## Assignment
The lines below, from the one containing "Reflective pet leash" through the one containing "Predstavljamo studio Water", should be set down exactly, with no pictures and nothing else.

Data entries:
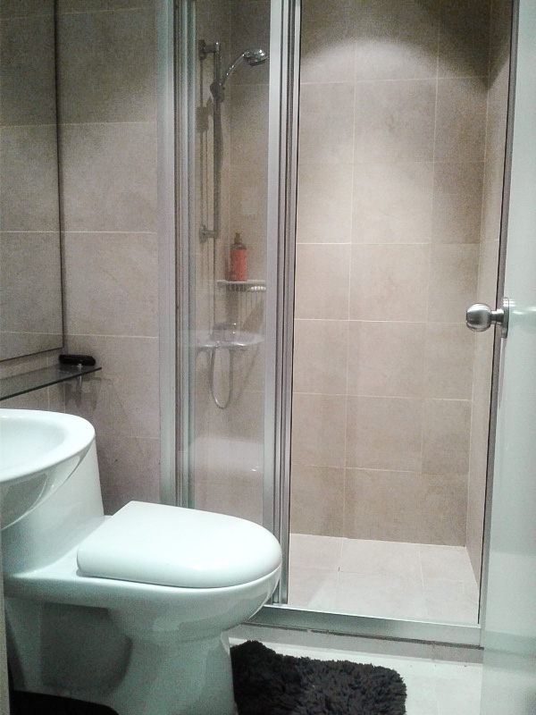 Modern fitted kitchen area with Refrigerator and built in 2 ring hob with range hood
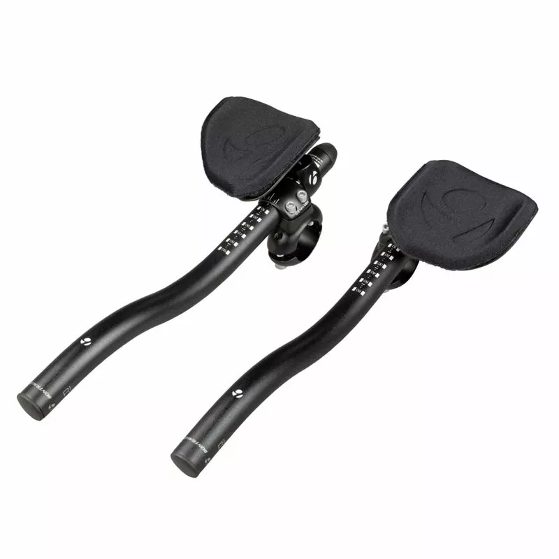 Extensiones de aleación extruída y abrazadera de aleación forjada. Se ajusta al diámetro de abrazadera de 31,8 mm o de 26,0 mm (con cuña incluida). Guiado de cables interno aerodinámico. Las almohadillas con una altura de 65 mm dejan espacio suficiente para la colocación de las manos al usarlos sobre manillares de carretera. Forma aerodinámica con curvatura en S optimizada en el túnel de viento. Compatible con extensiones de carbono y aluminio estándar de 22,2 mm.
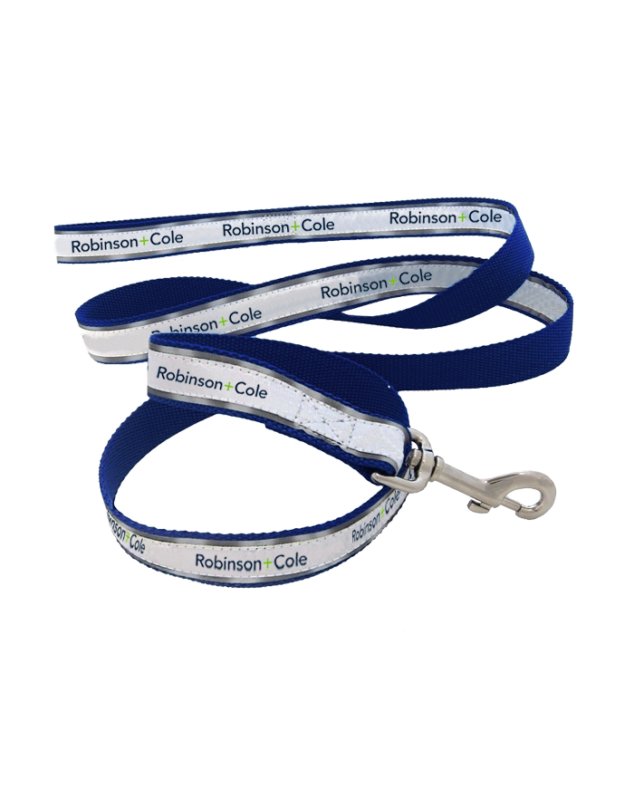 Reflective pet leash with heavy duty hardware and printed with the Robinson & Cole logo. 72 L x 1 W.
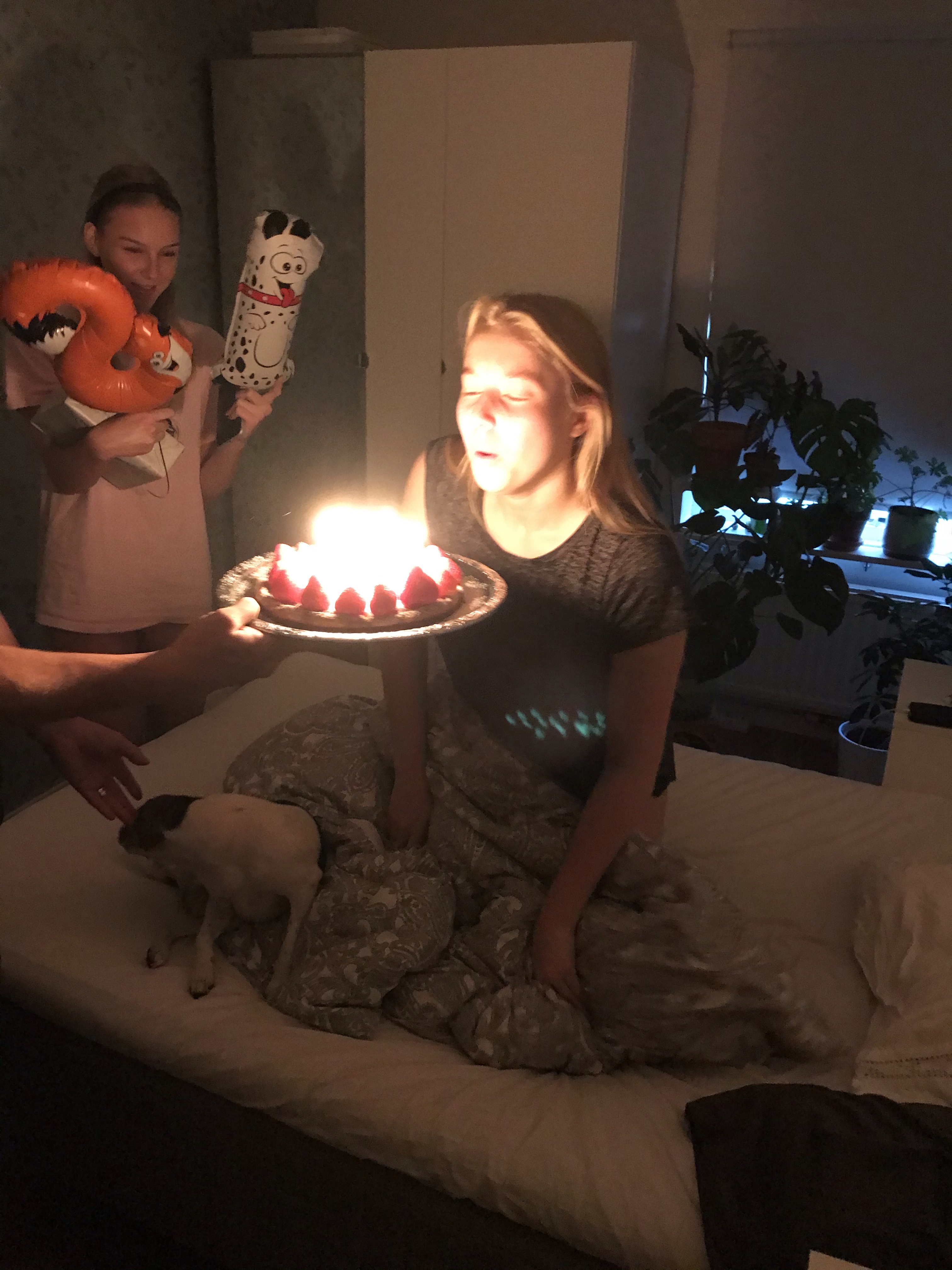 Efter tÄrta, paket och skönsÄng var det ÀndÄ dax för skola innan vi Äkte in till stan för att fira vidare!
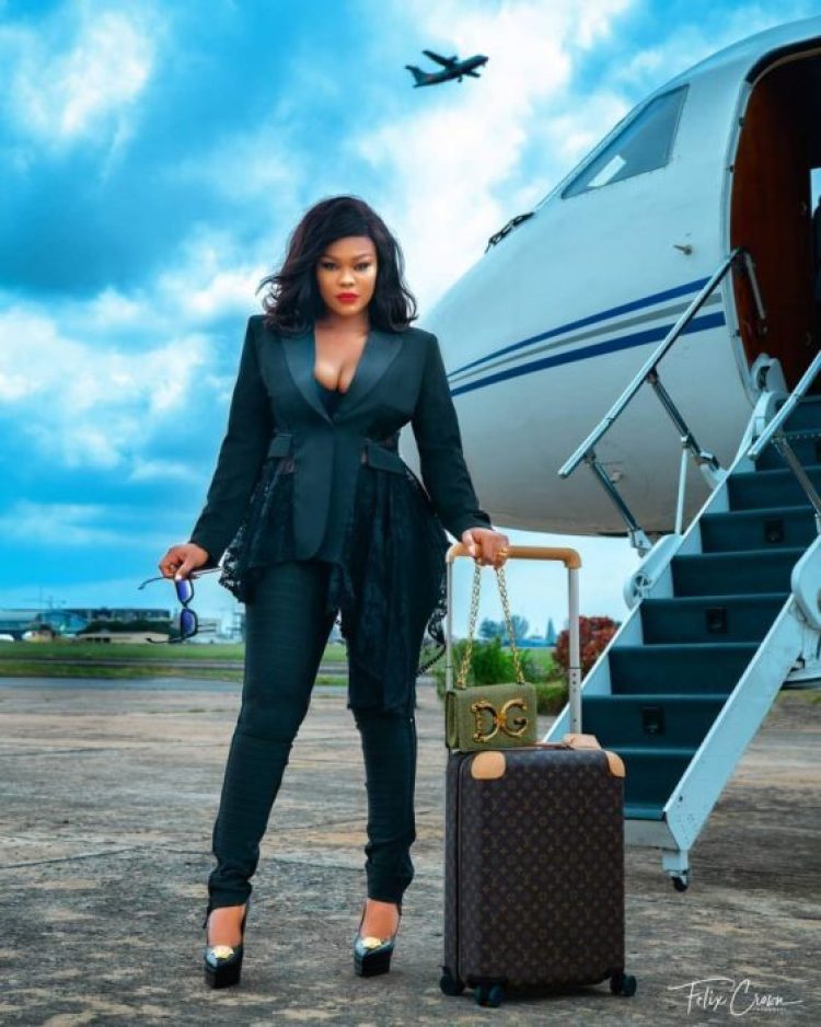 Aside flaunting her curvy resource, she has revealed two luxury houses in the highbrow areas of Lagos State, several exotic cars in her garage that remain unused. She flies business and first-class to foreign countries and her passion for ostentatious clothes, shoes, pieces of jewellery and others is arguably unmatched in the industry.
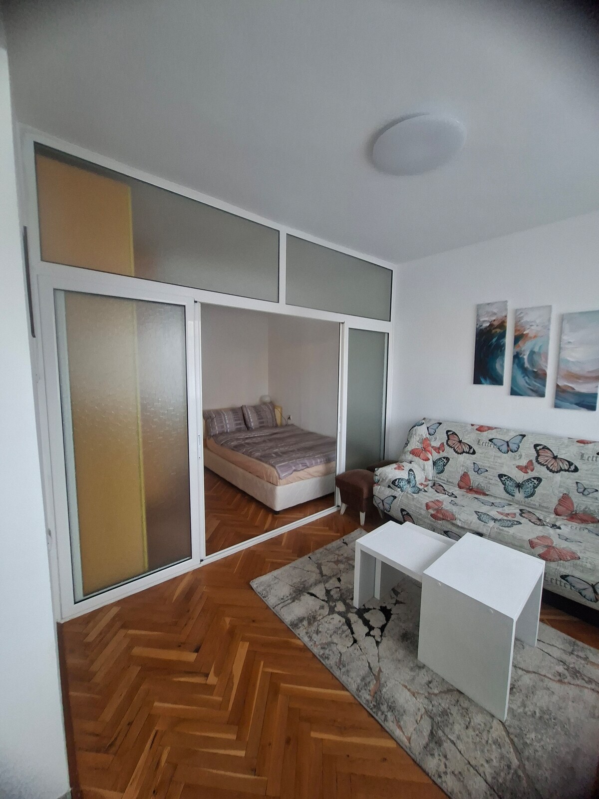 Predstavljamo studio Water Lilies Studio, ki se nahaja na osrednjem mestu za Staro Zagora Blvd. »Tsar Simeon the Great«. Do središča mesta in vseh znamenitosti se lahko sprehodite. Na razdalji 2 min je postaja javnega prevoza z več linijami, ki so povezane z vsemi kotički Stare Zagore. Garsonjera je majhna in kompaktna, vendar smo se po najboljših močeh potrudili, da vam ne bi kaj manjkalo, kar je pomembno za vašo udobje. Parkiranje je na voljo v bližini stavbe, kljub osrednji lokaciji.
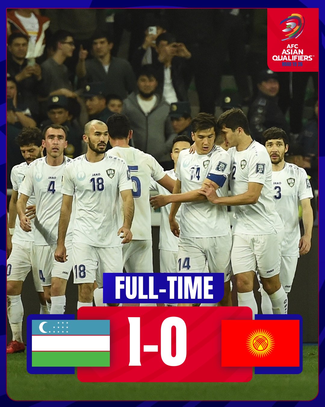03月21日讯 乌兹别克斯坦1-0击败吉尔吉斯斯坦,在18强赛还剩3场的情况下,5胜1平1负积16分排名小组第二,距离队史首次进世界杯仅一步之遥。

## Task output
 Reflective pet leash with heavy duty hardware and printed with the Robinson & Cole logo. 72 L x 1 W.
 Efter tÄrta, paket och skönsÄng var det ÀndÄ dax för skola innan vi Äkte in till stan för att fira vidare!
 Aside flaunting her curvy resource, she has revealed two luxury houses in the highbrow areas of Lagos State, several exotic cars in her garage that remain unused. She flies business and first-class to foreign countries and her passion for ostentatious clothes, shoes, pieces of jewellery and others is arguably unmatched in the industry.
 Predstavljamo studio Water Lilies Studio, ki se nahaja na osrednjem mestu za Staro Zagora Blvd. »Tsar Simeon the Great«. Do središča mesta in vseh znamenitosti se lahko sprehodite. Na razdalji 2 min je postaja javnega prevoza z več linijami, ki so povezane z vsemi kotički Stare Zagore. Garsonjera je majhna in kompaktna, vendar smo se po najboljših močeh potrudili, da vam ne bi kaj manjkalo, kar je pomembno za vašo udobje. Parkiranje je na voljo v bližini stavbe, kljub osrednji lokaciji.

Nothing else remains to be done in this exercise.